Set the range of user information that needs to be obtained;

Obtaining relevant sample data according to the range of user information;

Establishing a plurality of models according to the sample data, performing training and testing, and screening the optimal model combination;

Establishing a combined classifier model according to the optimal model combination; and

The chronic obstructive pulmonary disease risk prediction is performed according to the combined classifier model and user personal information.
The server according to claim 9, wherein before the step of establishing a plurality of models based on said sample data, the method further comprises the steps of:

The sample data is subjected to missing value and outlier processing, and dimensionality reduction is performed.
The server according to claim 9 or 10, wherein the user information range includes the user's health profile, hobbies, spending habits, and living habits.
The server according to claim 10, wherein the step of performing the missing value and the outlier processing on the sample data comprises:

Deleting the data with too low saturation, the outliers are treated as missing values, the missing values are filled by the feature filling method, and the continuous values are discretized.
The server according to claim 10, wherein said dimensionality reduction is performed by a principal component analysis and a feature screening method.
A server according to claim 9 or 10, wherein said model is established by an xgboost algorithm.
A server according to claim 9 or 10, wherein the training set and the test set are constructed in accordance with a 10-fold cross-validation method to filter the optimal model combination.
The server according to claim 9 or 10, wherein the step of establishing a combined classifier model according to the optimal model combination comprises:

After the optimal model combination is obtained, the prediction results of the n models are weighted to obtain the combined classifier model, and the output of the combined classifier model is weighted by the prediction results of the n models.
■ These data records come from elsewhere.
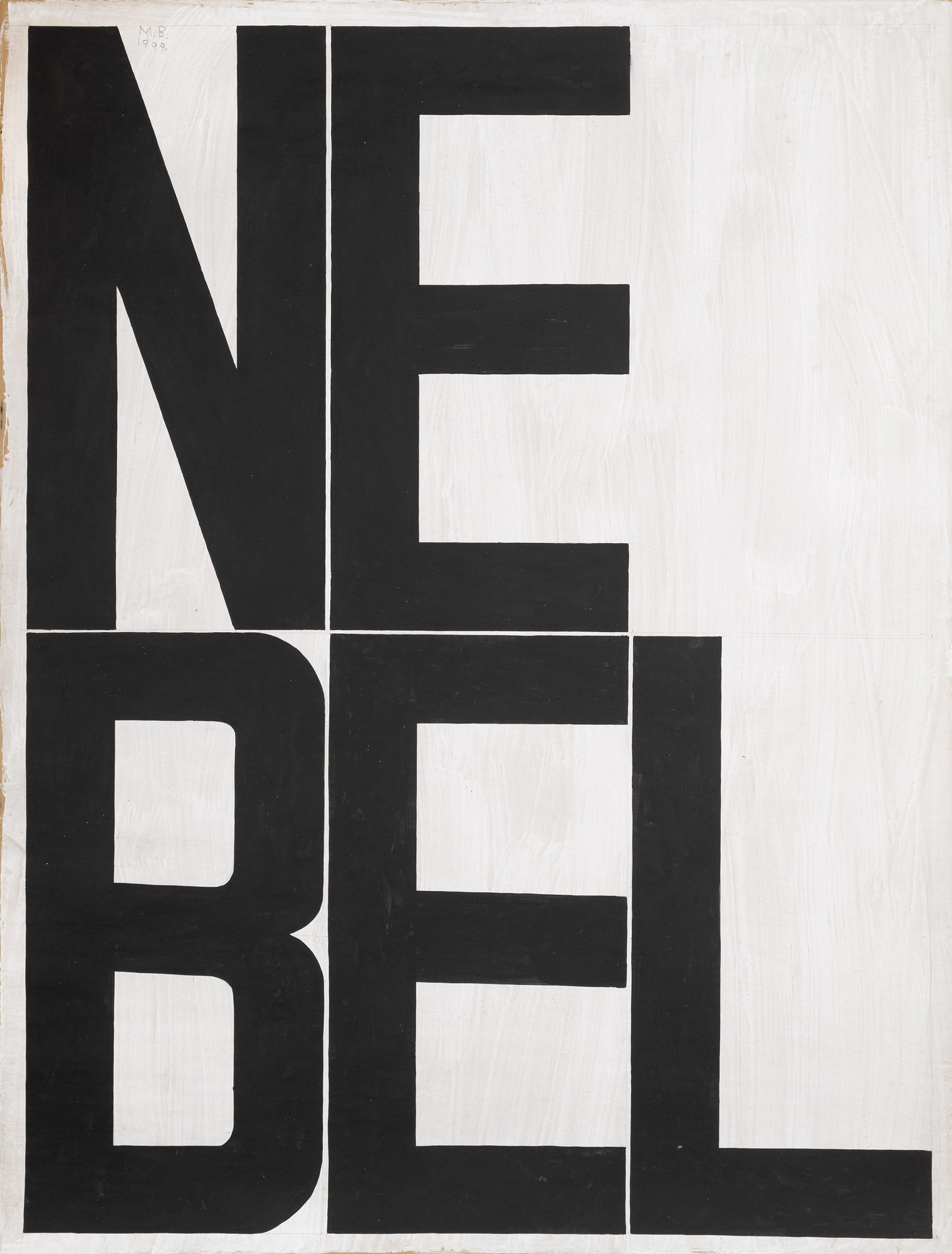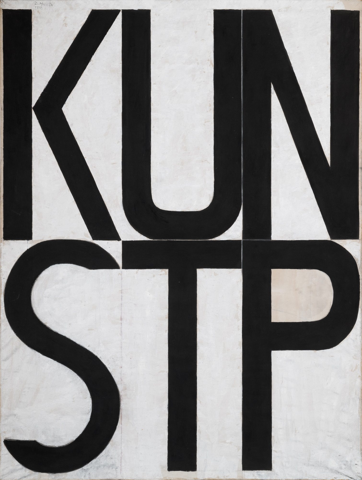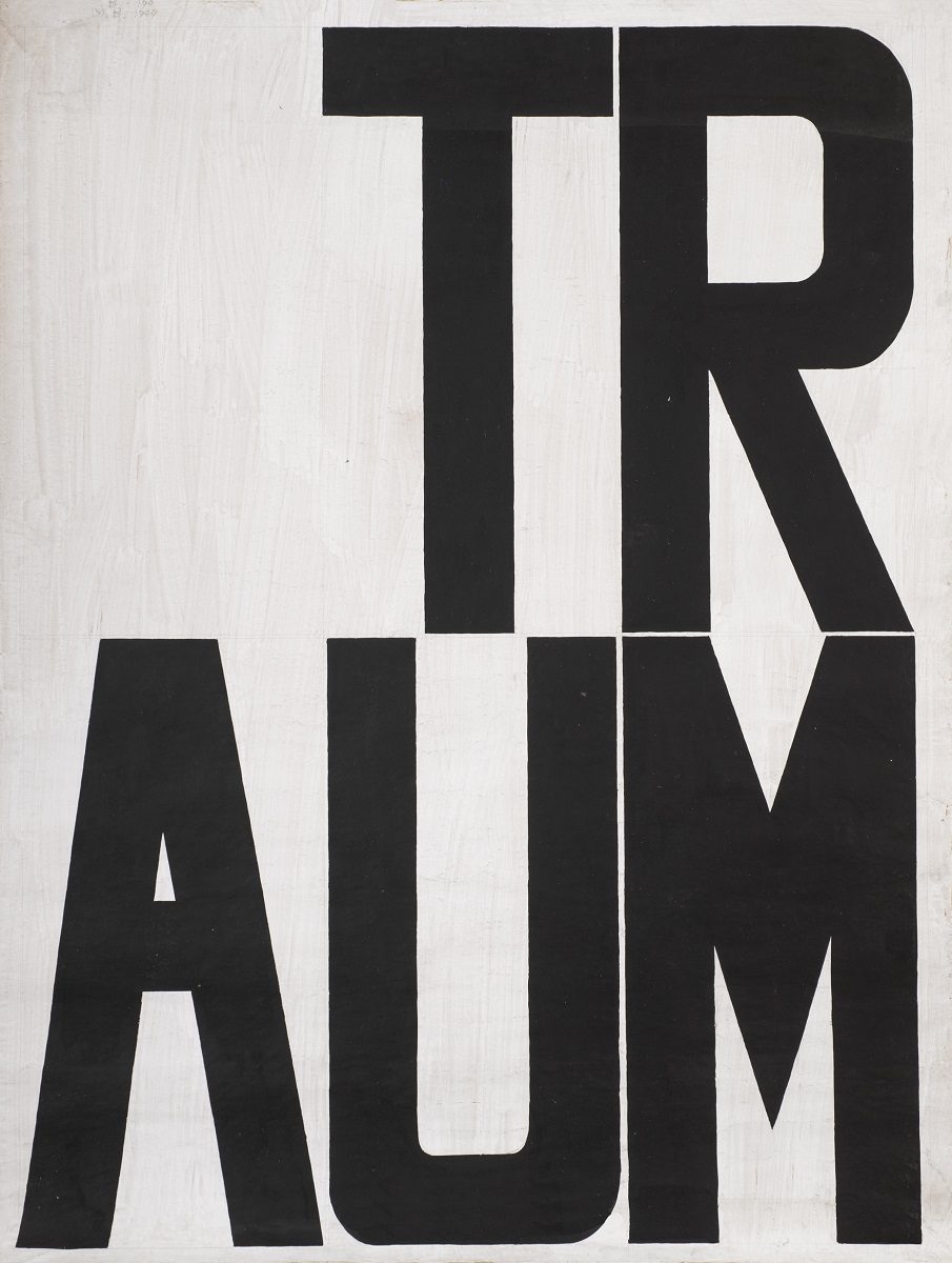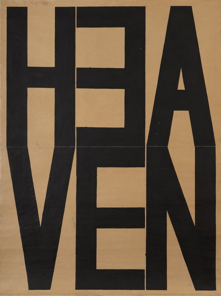 Between March and June 1999 Milan Blanuša produced a series of artworks that would soon become a unique episode in his overall opus. The word appears as the only motif of those drawings. Painted in black on big format paper sheets (200×150 cm) the concrete word strikes the observer first as a monumental and geometrically structured composition. Divided in two rows and oriented towards the visual compositional logic instead of grammatical, there are words in German and English: TRAUM (dream), HIMMEL (heaven), NEBEL (fog), BLITZ (lightning), KRAFT (strength, power, force), NORVAY, INSTALLATION, IDEE (idea), STREIK (strike), KUNST POLIZEI (art police). Until the exhibition in Gallery RIMA, more than two decades after they had been created, the artist had not shown these drawings as an integral series and for that reason this is a retrospective opportunity to re-examine the position these works hold in Blanuša’s opus. The main characteristic of these drawings – a decade long continuity in Blanuša’s painting – is the use of textual inscription in the picture, in German and the English languages. However, what becomes evident at the first sight is the fact that the text has become the only motif of the picture, the only carrier of content and form. Having in mind just that one element as the spot of transformation in Blanuša’s work, this series stands for several important issues: What is the role of text in Blanuša’s pictures, and has it changed in these works? What is the motivation of this creative episode, and has it had any influence on artist’s later creations?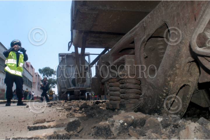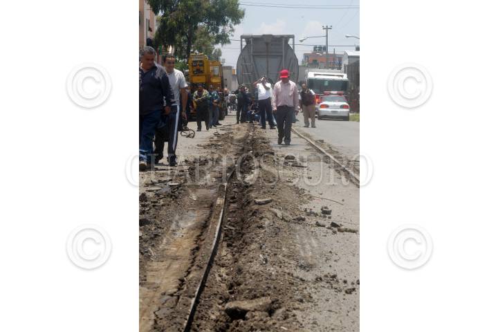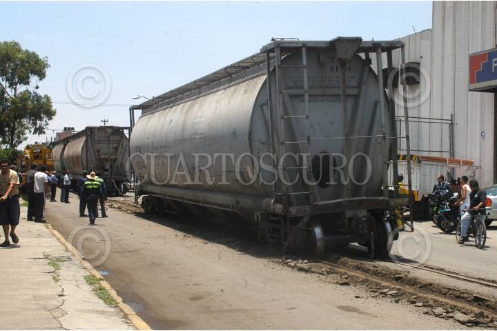 MÉXICO, D.F., 15JULIO2009.- Tres Vagones del tren con 120 toneladas de trigo, se salio de la vía cuando circulaba en el tramo que se ubica sobre la calle de Clave casi al cruce johan Sebastian Bach en la colonia Industrial perímetro de la Gustavo A. Madero. Debido al mal estado y falta de mantenimiento de las vías en todo el país FOTO: LUIS CARBAYO/CUARTOSCURO.COM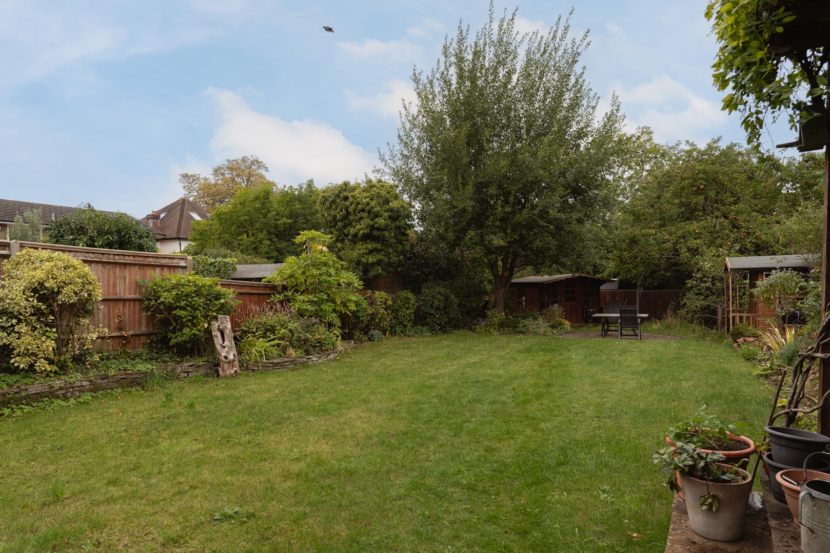 The rear garden has been beautifully established over the decades and includes an elevated patio area, a large lawn section, mature planted boarders, two summer houses, a rear patio seating area and side access to the front.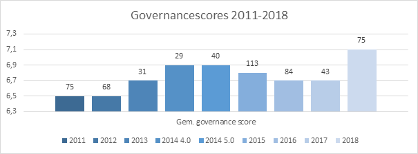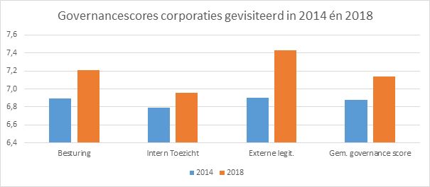 Zoals te zien is in bovenstaande grafiek zijn de prestaties op alle onderdelen van governance verbeterd ten opzichte van de vorige visitatie vier jaar geleden. Uit een inhoudelijke analyse van de visitatierapporten blijkt dat de corporaties die een grote verbetering (> 1 punt) laten zien actief aan de slag zijn gegaan met de verbetersuggesties die er tijdens de vorige visitatie zijn gedaan. Een verbetering van (één of meer onderdelen van) de PDCA-cyclus, de naleving én doorleving van de governancecode, het aanscherpen van de rolopvatting van de raad van commissarissen en het structureren van de externe legitimatie zijn punten die in meerdere rapporten worden genoemd.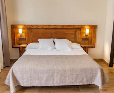 RIERA; Chambre double avec une petite terrasse. Elle est décorée en combinant des éléments modernes avec des éléments anciens, comme une tête de lit en bois réalisée à partir de portes anciennes ou l'armoire d'origine de la maison. Equipée d'un lit double 180x190cm et d'un éclairage domotique. Il dispose également de tous les équipements nécessaires pour offrir un maximum de confort.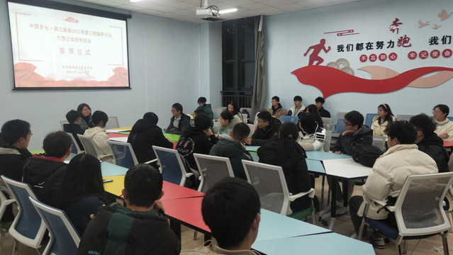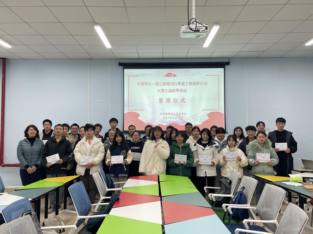 团委网站讯12月15日,“中国茅台•国之栋梁2021希望工程圆梦行动大型公益助学活动”签领仪式在我校雅文楼217A顺利举行。校团委副书记杨晓椿、科技实践部负责人苟萌萌,及30名获资助学生参加本次仪式。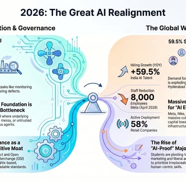 India's Tier-2 Tech Boom: Defying global layoff trends, AI hiring in India has surged by 59.5% year-on-year. While Bengaluru remains a major global hub, the demand for AI talent is rapidly expanding beyond it. Hyderabad has experienced over 51% growth in AI engineering hiring, and Vijayawada has seen a 45.5% increase. The market is actively hunting for professionals skilled in AI Agents, Azure AI Studio, and AI Productivity to handle real-world deployments.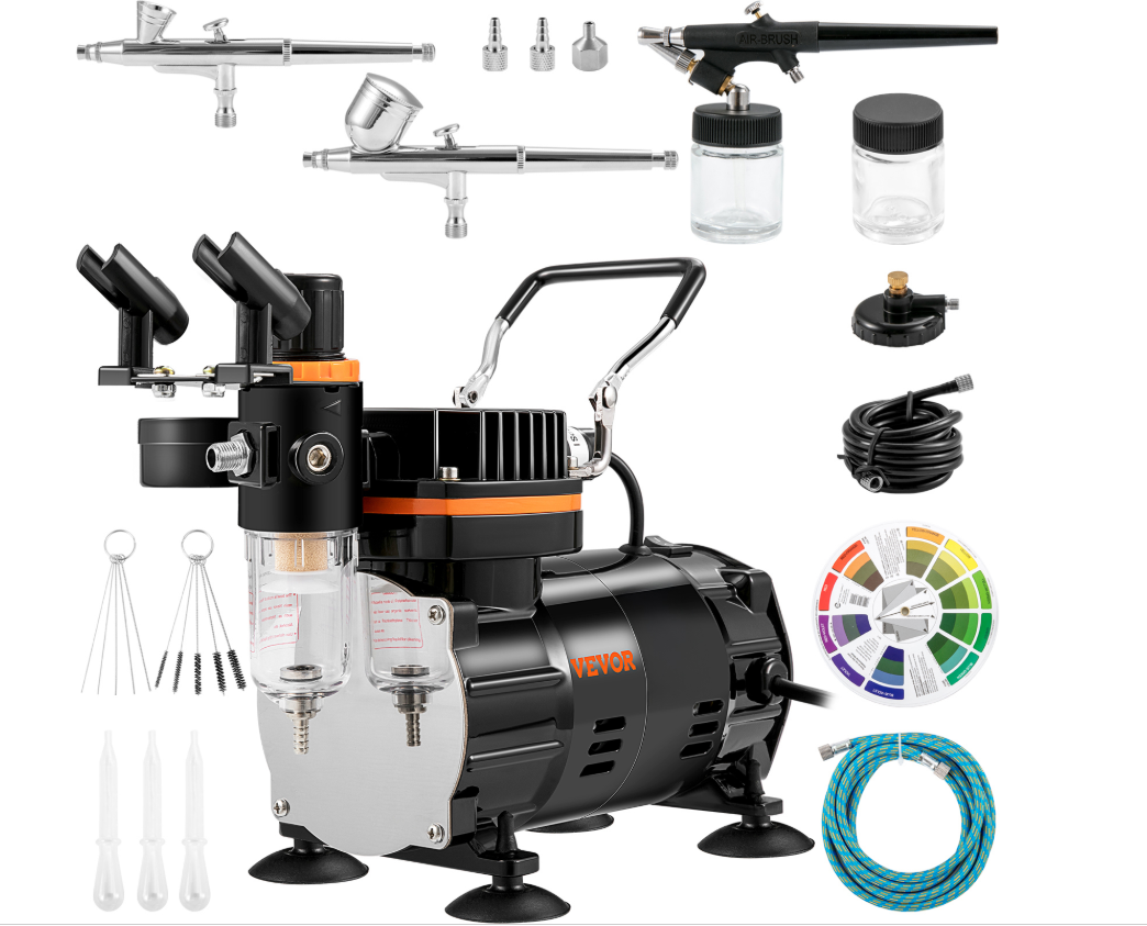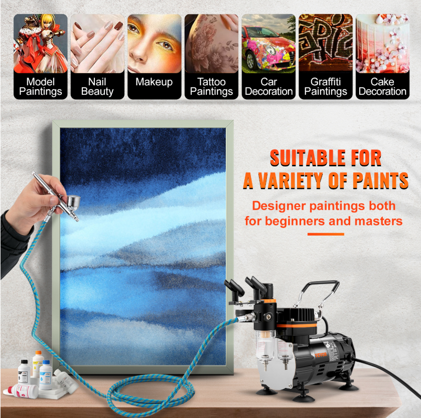 . Комплект аерографа — це легкий поршневий компресор із гравітаційною подачею та подвійною дією. Три різні знімні розпилювальні форсунки забезпечують різний ступінь розпилення та контролю для різних застосувань. Він ідеально підходить для проектів «зроби сам», автомобільної графіки, тимчасових татуювань, декорування тортів, мистецтва, нейл-арту тощо.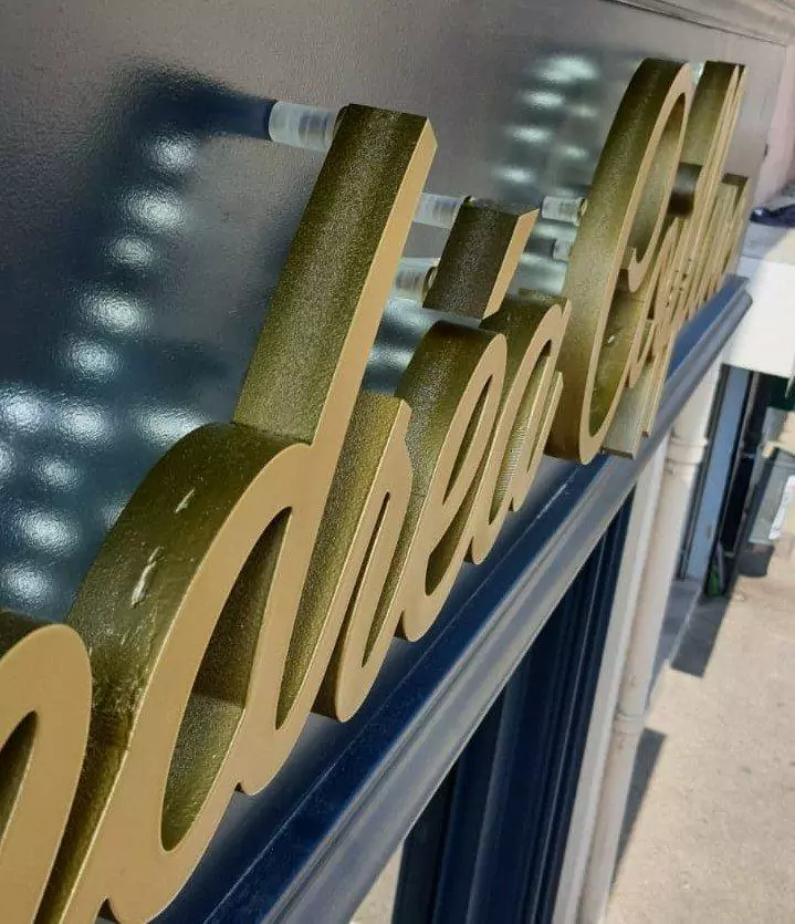 Les lettres découpées non lumineuses sont généralement disponibles en dibond ( 3mm d’épaisseur ) ou PVC laqué selon le RAL de votre choix. Elles sont découpées à la forme exacte de la police sélectionnée.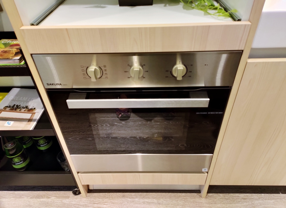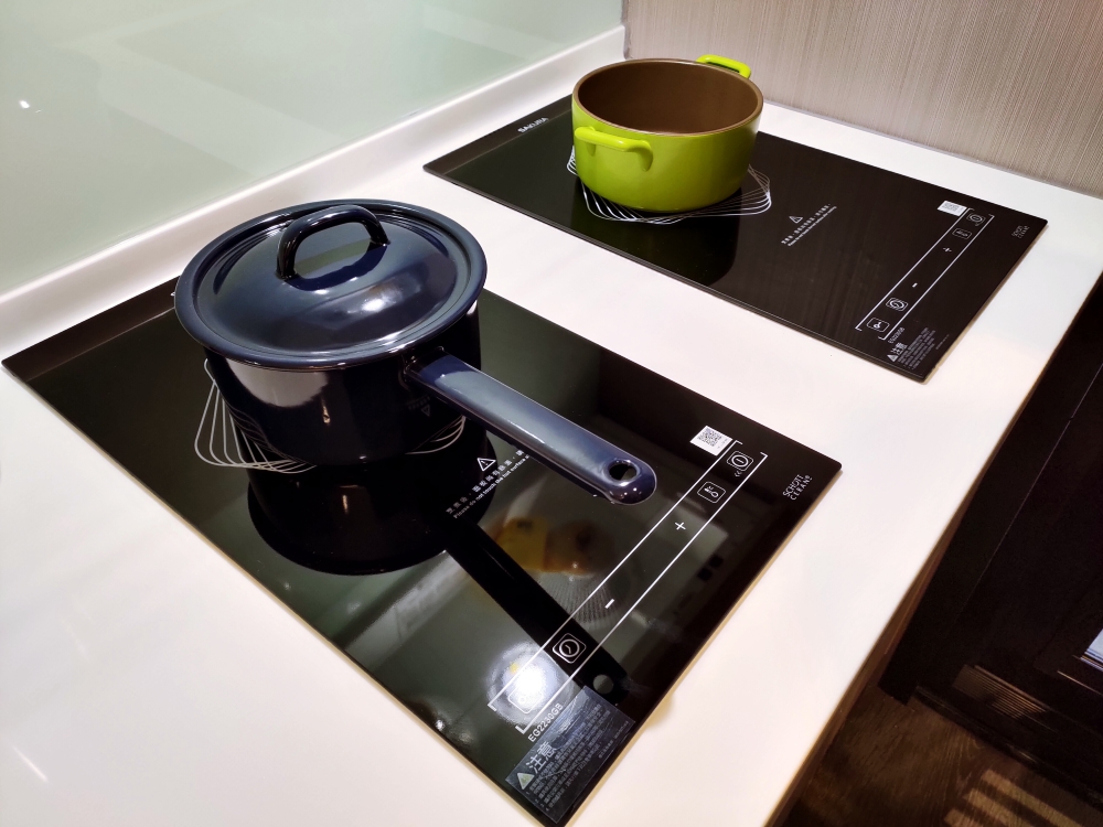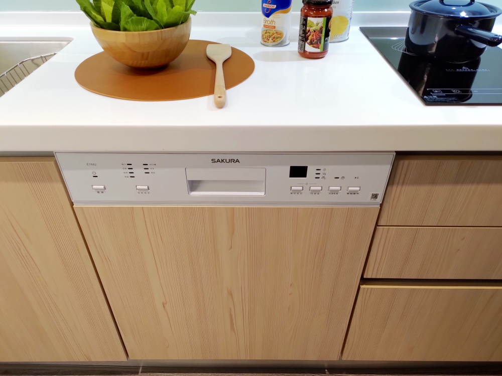樣品屋裝潢僅供參考無附送,而廚具則是標準配備,選用知名品牌櫻花的廚具:單口 IH 感應爐x2、嵌入式電烤箱、半嵌入式洗碗機、電器櫃,如購賣的是53坪,還附有中島。

The final forecast.

The method of the method for predicting the risk of developing chronic obstructive pulmonary disease according to any one of claims 1-8.
A computer readable storage medium storing a chronic obstructive pulmonary disease risk prediction system executable by at least one processor to cause the at least one processor Perform the following steps:

Set the range of user information that needs to be obtained;

Obtaining relevant sample data according to the range of user information;

Establishing a plurality of models according to the sample data, performing training and testing, and screening the optimal model combination;

Establishing a combined classifier model according to the optimal model combination; and

The chronic obstructive pulmonary disease risk prediction is performed according to the combined classifier model and user personal information.
A computer readable storage medium according to claim 17, wherein before the step of establishing a plurality of models based on said sample data, the method further comprises the steps of:

The sample data is subjected to missing value and outlier processing, and dimensionality reduction is performed.
The computer readable storage medium according to claim 18, wherein the step of performing the missing value and the outlier processing on the sample data comprises:

Deleting the data with too low saturation, the outliers are treated as missing values, the missing values are filled by the feature filling method, and the continuous values are discretized.
The computer readable storage medium according to claim 17 or 18, wherein the step of establishing a combined classifier model according to the optimal model combination comprises:

After the optimal model combination is obtained, the prediction results of the n models are weighted to obtain the combined classifier model, and the output of the combined classifier model is weighted by the prediction results of the n models. The final forecast.